AVAILABLE DATA:
+ + +
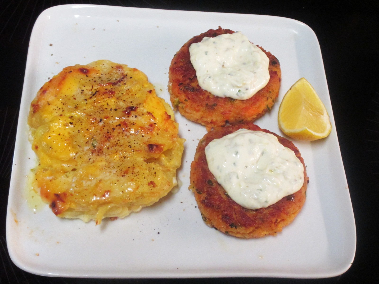 I defrosted the freezer yesterday, lots of small containers of leftovers. I got rid of 3 by making nyt salmon patties and my potatoes au gratin. Cabbages slaw, yellow baby bell, radish, oo & v dressing. Patties were tasty and moist. I used a salmon burger and pieces of sockeye, used less panko, figured they would soak up the juice as they rested and they did.
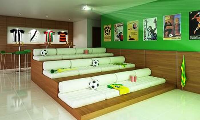 Espelho D´água, Deck Ilha, Piscina Infantil, Solário, Bar da Piscina, Playground, Quadra Infantil, Churrasqueira, Salão de jogos, Espaço Stadium, Espaço Relax, Sauna, Fitness, Salão de festas infantil, Salão de festas adulto, Espaço Gourmet, Lounge Externo, Brinquedoteca, área Verde
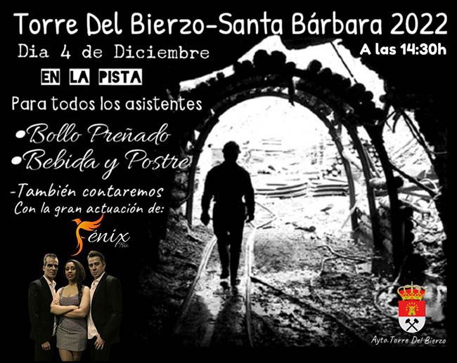 Las celebraciones por Santa Bárbara en El Bierzo vuelven un año más. Concretamente, la localidad minera de Torre del Bierzo llevará a cabo sus festividades el 4 de diciembre, en la pista municipal. Para todos los asistentes habrá bollo preñado y bebida y postre. Además, será el trío Fénix el encargado de dar ritmo a la jornada festiva.
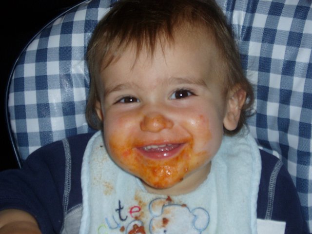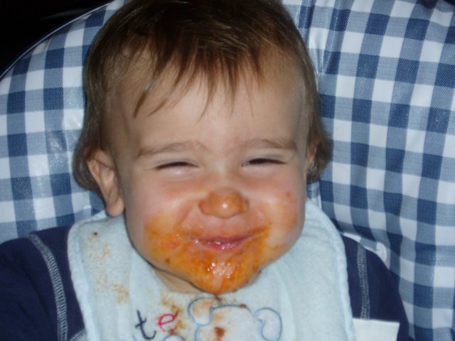 he is so adorable I love when they get all messy they look so cute but itsthe cleaning up thats a pain in the butt lol lol lol
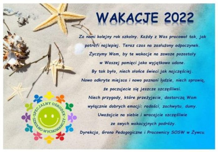 Życzymy Wam, by te wakacje na zawsze pozostały w Waszej pamięci jako wyjątkowo udane. By tak było, niech słońce świeci jak najczęściej. Nowo odkryte miejsca i nowo poznani ludzie, niech sprawią, że poczujecie się jeszcze szczęśliwsi. Niech przygody, które przeżyjecie, dostarczą Wam wyłącznie dobrych emocji: radości, zachwytu, dumy. Uważajcie na siebie i wracajcie szczęśliwie ze swych wakacyjnych podróży. Dyrekcja, Grono Pedagogiczne i Pracownicy SOSW w Żywcu.
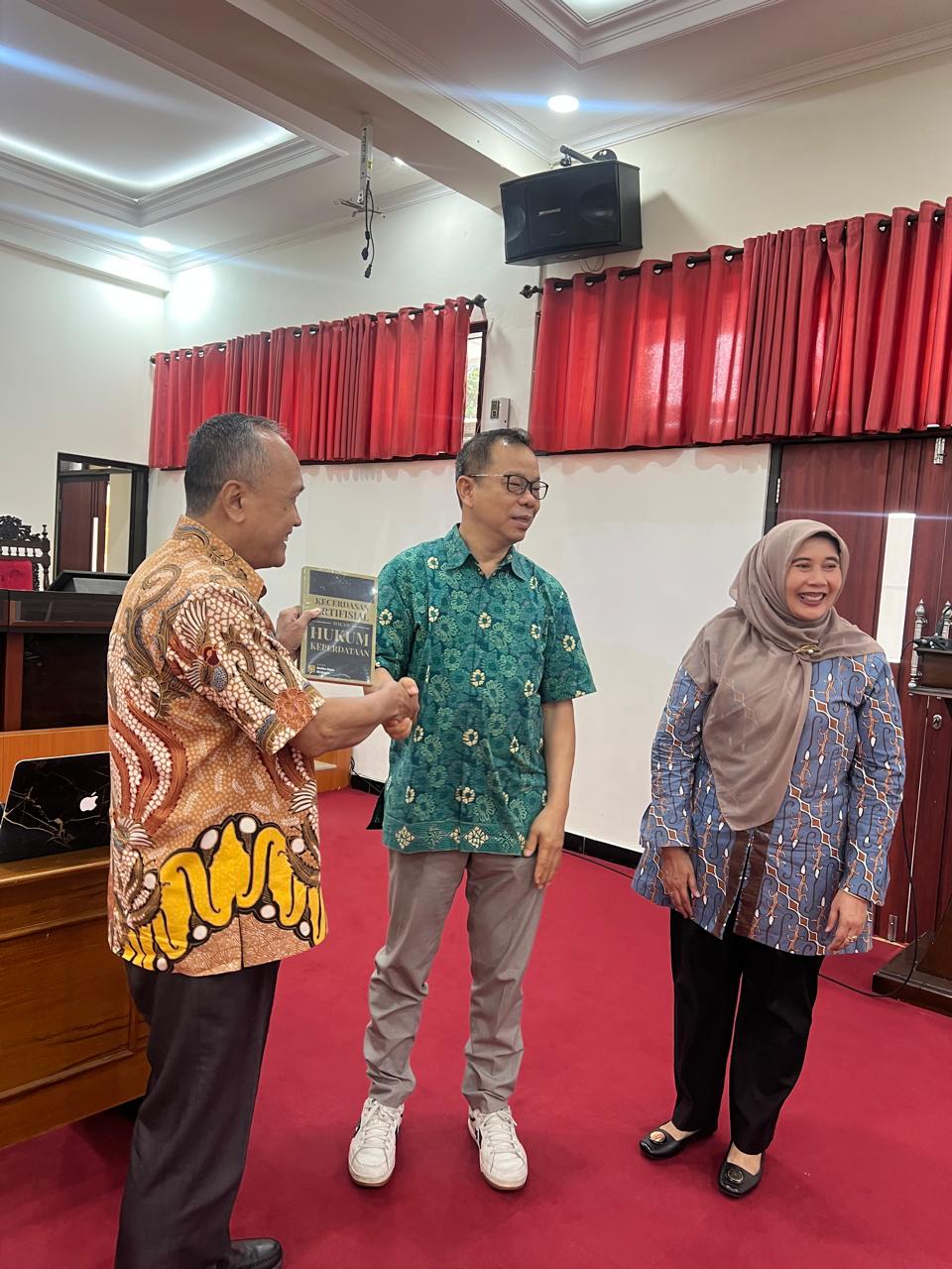 Shidarta, yang juga menjadi dosen di PDIH Undip, pada sesi pembukaan, memberikan kenang-kenangan kepada PDIH berupa buku karya terbarunya berjudul “Kecerdasan Artifisial dalam Hukum Keperdataan” yang diterima oleh Kaprodi PDIH Dr. Sukirno, S.H., M.Si. (***)
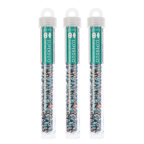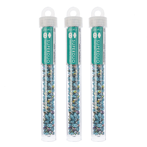 Matubo Czech Super Duo 2-Hole apx 22g vials Turquoise Blue Shades
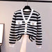 Hnewly Elegant Striped Knit Cardigan Sweater Spring Autumn New V-neck Long Sleeved Jacket Women's Fashion Gold Button Coat Top
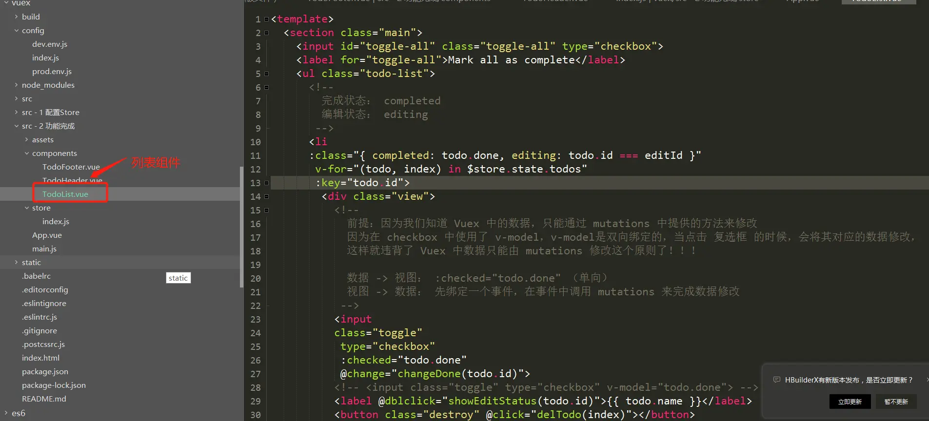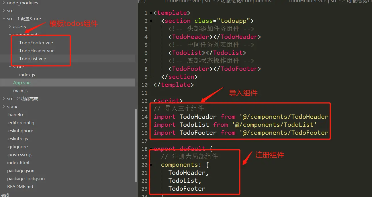 然后配置App.vue,把todos模板组件导入App.vue中,我们的store就配置好了
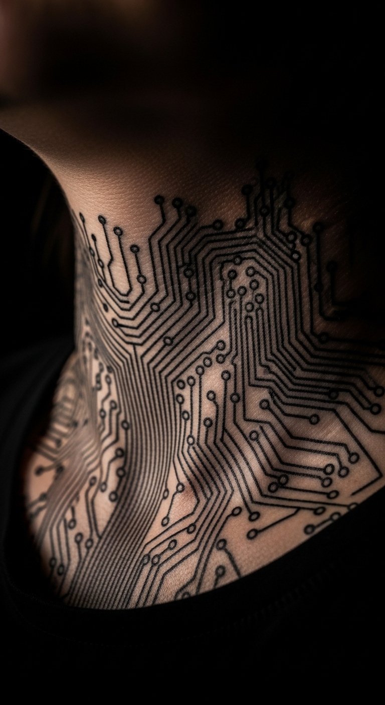 Circuit veins on the neck create a high-tech pulse. Sketch vein paths with ink on paper. Tailor to your neck length. Find deals on social media for under $90. Opt for quick sessions to avoid strain. Use scarves for protection post-tattoo. Incorporate blue tones for a vein effect. This style appeals to those who like subtle, daily statements.
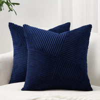 Topfinel Blue Decorative Throw Pillow Covers 12X12 Inch Cute Boho Stripe Soft Corduroy Modern Farmhouse Spring Home Decor 2 Pack
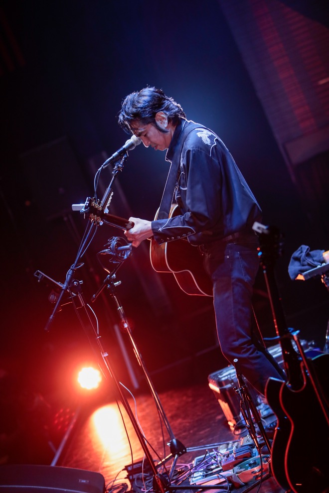 ただし、今回はBillboard Live TOKYOでの無観客収録ライブ。関係者の拍手と歓声が時折、聞こえてくるとは言え、オーディエンスを巻き込むパフォーマンスで<中津川ソーラー>を盛り上げてきた彼がどんなライブを見せてくれるのか、興味津々だったのだが、そこは生粋の歌唄いにして、卓越したギタリスト、そして手練れたパフォーマーだ。
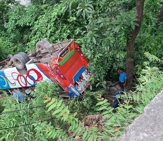 केही बेरअघि आँबुखैरेनी नजिकै दुर्घटना भएको बस भीरमा गएर अड्किएको छ। बस केही मिटरले मर्स्याङ्दीमा खस्नबाट जोगिएको छ।यस स्थानबाट पहिले पनि बस दुर्घटना हुने गरेको थियो । घटनाबारे थप जानकारी आउन बाँकी रहेको छ ।
+ + +
TASK OBJECTIVE: Using the data above, give again exactly the lines starting at the one holding "Las celebraciones por" and ending at the one holding "Topfinel Blue Decorative", inclusive, and nothing more. Omit the pictures.

RESPONSE:
 Las celebraciones por Santa Bárbara en El Bierzo vuelven un año más. Concretamente, la localidad minera de Torre del Bierzo llevará a cabo sus festividades el 4 de diciembre, en la pista municipal. Para todos los asistentes habrá bollo preñado y bebida y postre. Además, será el trío Fénix el encargado de dar ritmo a la jornada festiva.
 he is so adorable I love when they get all messy they look so cute but itsthe cleaning up thats a pain in the butt lol lol lol
 Życzymy Wam, by te wakacje na zawsze pozostały w Waszej pamięci jako wyjątkowo udane. By tak było, niech słońce świeci jak najczęściej. Nowo odkryte miejsca i nowo poznani ludzie, niech sprawią, że poczujecie się jeszcze szczęśliwsi. Niech przygody, które przeżyjecie, dostarczą Wam wyłącznie dobrych emocji: radości, zachwytu, dumy. Uważajcie na siebie i wracajcie szczęśliwie ze swych wakacyjnych podróży. Dyrekcja, Grono Pedagogiczne i Pracownicy SOSW w Żywcu.
 Shidarta, yang juga menjadi dosen di PDIH Undip, pada sesi pembukaan, memberikan kenang-kenangan kepada PDIH berupa buku karya terbarunya berjudul “Kecerdasan Artifisial dalam Hukum Keperdataan” yang diterima oleh Kaprodi PDIH Dr. Sukirno, S.H., M.Si. (***)
 Matubo Czech Super Duo 2-Hole apx 22g vials Turquoise Blue Shades
 Hnewly Elegant Striped Knit Cardigan Sweater Spring Autumn New V-neck Long Sleeved Jacket Women's Fashion Gold Button Coat Top
 然后配置App.vue,把todos模板组件导入App.vue中,我们的store就配置好了
 Circuit veins on the neck create a high-tech pulse. Sketch vein paths with ink on paper. Tailor to your neck length. Find deals on social media for under $90. Opt for quick sessions to avoid strain. Use scarves for protection post-tattoo. Incorporate blue tones for a vein effect. This style appeals to those who like subtle, daily statements.
 Topfinel Blue Decorative Throw Pillow Covers 12X12 Inch Cute Boho Stripe Soft Corduroy Modern Farmhouse Spring Home Decor 2 Pack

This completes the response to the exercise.